- **Problem requirements**
The material below includes pictures; leave them out and return only the lines between the line containing "上周黄金市场周初开盘在433" and the line containing "The trail led", inclusive, word for word.
═══ Information
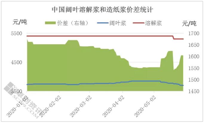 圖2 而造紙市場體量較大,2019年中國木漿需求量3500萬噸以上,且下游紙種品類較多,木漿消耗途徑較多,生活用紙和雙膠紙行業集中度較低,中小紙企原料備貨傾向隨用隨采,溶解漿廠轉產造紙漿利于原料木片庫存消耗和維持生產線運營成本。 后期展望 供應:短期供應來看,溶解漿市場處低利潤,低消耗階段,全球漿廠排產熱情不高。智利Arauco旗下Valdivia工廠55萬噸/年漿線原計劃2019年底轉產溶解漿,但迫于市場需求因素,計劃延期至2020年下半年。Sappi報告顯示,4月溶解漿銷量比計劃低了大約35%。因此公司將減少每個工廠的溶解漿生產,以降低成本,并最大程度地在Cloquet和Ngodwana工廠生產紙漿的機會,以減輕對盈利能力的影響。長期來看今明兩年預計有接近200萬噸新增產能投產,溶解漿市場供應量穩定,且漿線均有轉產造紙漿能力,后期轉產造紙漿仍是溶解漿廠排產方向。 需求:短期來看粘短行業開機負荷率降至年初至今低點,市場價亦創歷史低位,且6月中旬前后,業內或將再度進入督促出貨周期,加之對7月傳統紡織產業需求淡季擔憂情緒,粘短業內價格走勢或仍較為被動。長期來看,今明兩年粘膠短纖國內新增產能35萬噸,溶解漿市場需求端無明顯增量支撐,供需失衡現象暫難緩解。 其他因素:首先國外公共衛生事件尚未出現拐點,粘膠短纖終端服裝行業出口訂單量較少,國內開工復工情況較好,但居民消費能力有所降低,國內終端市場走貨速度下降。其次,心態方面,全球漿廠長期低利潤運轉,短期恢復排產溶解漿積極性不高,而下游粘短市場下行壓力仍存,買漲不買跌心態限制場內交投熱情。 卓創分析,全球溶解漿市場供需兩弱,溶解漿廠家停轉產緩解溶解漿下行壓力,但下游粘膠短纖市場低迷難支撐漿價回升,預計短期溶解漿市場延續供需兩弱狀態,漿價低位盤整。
══════
═══ Information
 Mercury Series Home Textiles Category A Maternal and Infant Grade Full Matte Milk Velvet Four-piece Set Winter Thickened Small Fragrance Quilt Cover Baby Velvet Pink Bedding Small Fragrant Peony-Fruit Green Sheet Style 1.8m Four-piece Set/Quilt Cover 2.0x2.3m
══════
═══ Information
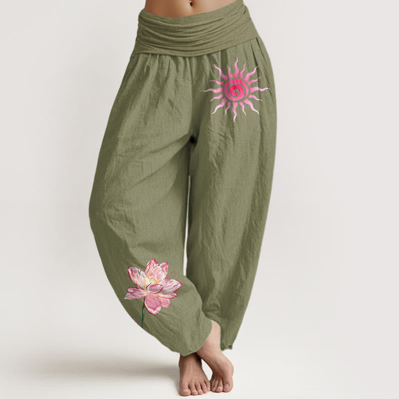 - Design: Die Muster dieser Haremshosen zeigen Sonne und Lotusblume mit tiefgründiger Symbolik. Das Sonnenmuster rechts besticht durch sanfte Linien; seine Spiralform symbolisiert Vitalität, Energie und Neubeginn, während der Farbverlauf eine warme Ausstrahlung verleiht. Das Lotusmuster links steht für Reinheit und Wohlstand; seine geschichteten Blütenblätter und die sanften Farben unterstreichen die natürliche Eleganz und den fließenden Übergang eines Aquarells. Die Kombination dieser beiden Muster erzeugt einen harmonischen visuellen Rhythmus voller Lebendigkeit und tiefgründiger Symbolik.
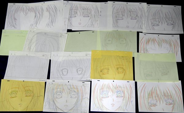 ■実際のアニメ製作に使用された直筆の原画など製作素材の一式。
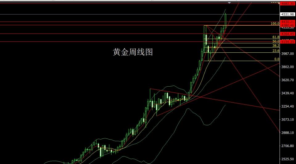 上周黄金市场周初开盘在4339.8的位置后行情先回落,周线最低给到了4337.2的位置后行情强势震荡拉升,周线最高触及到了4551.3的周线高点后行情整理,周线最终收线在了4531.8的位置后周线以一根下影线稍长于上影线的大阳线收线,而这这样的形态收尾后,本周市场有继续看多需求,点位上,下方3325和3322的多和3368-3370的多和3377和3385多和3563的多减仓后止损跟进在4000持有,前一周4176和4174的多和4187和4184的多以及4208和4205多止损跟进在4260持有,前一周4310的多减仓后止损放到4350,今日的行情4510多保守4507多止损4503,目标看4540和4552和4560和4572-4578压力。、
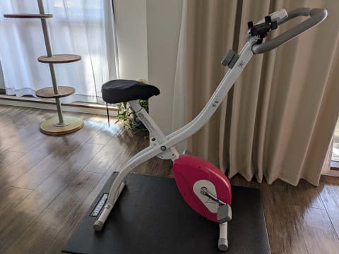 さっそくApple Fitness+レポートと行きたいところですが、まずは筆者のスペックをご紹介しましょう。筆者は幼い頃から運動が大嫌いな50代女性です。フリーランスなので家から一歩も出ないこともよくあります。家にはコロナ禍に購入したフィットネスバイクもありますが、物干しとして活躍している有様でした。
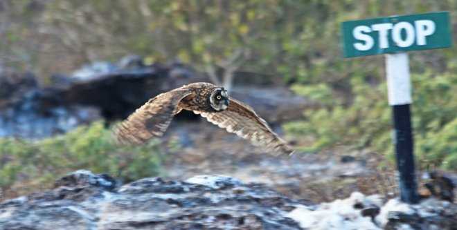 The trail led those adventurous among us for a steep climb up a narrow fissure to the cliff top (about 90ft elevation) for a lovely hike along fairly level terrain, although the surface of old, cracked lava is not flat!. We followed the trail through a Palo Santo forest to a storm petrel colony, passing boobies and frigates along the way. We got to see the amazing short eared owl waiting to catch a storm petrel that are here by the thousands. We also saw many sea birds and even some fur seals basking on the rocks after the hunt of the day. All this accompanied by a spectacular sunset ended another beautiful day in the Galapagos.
══════
- **Solution to the problem**
 上周黄金市场周初开盘在4339.8的位置后行情先回落,周线最低给到了4337.2的位置后行情强势震荡拉升,周线最高触及到了4551.3的周线高点后行情整理,周线最终收线在了4531.8的位置后周线以一根下影线稍长于上影线的大阳线收线,而这这样的形态收尾后,本周市场有继续看多需求,点位上,下方3325和3322的多和3368-3370的多和3377和3385多和3563的多减仓后止损跟进在4000持有,前一周4176和4174的多和4187和4184的多以及4208和4205多止损跟进在4260持有,前一周4310的多减仓后止损放到4350,今日的行情4510多保守4507多止损4503,目标看4540和4552和4560和4572-4578压力。、
 さっそくApple Fitness+レポートと行きたいところですが、まずは筆者のスペックをご紹介しましょう。筆者は幼い頃から運動が大嫌いな50代女性です。フリーランスなので家から一歩も出ないこともよくあります。家にはコロナ禍に購入したフィットネスバイクもありますが、物干しとして活躍している有様でした。
 The trail led those adventurous among us for a steep climb up a narrow fissure to the cliff top (about 90ft elevation) for a lovely hike along fairly level terrain, although the surface of old, cracked lava is not flat!. We followed the trail through a Palo Santo forest to a storm petrel colony, passing boobies and frigates along the way. We got to see the amazing short eared owl waiting to catch a storm petrel that are here by the thousands. We also saw many sea birds and even some fur seals basking on the rocks after the hunt of the day. All this accompanied by a spectacular sunset ended another beautiful day in the Galapagos.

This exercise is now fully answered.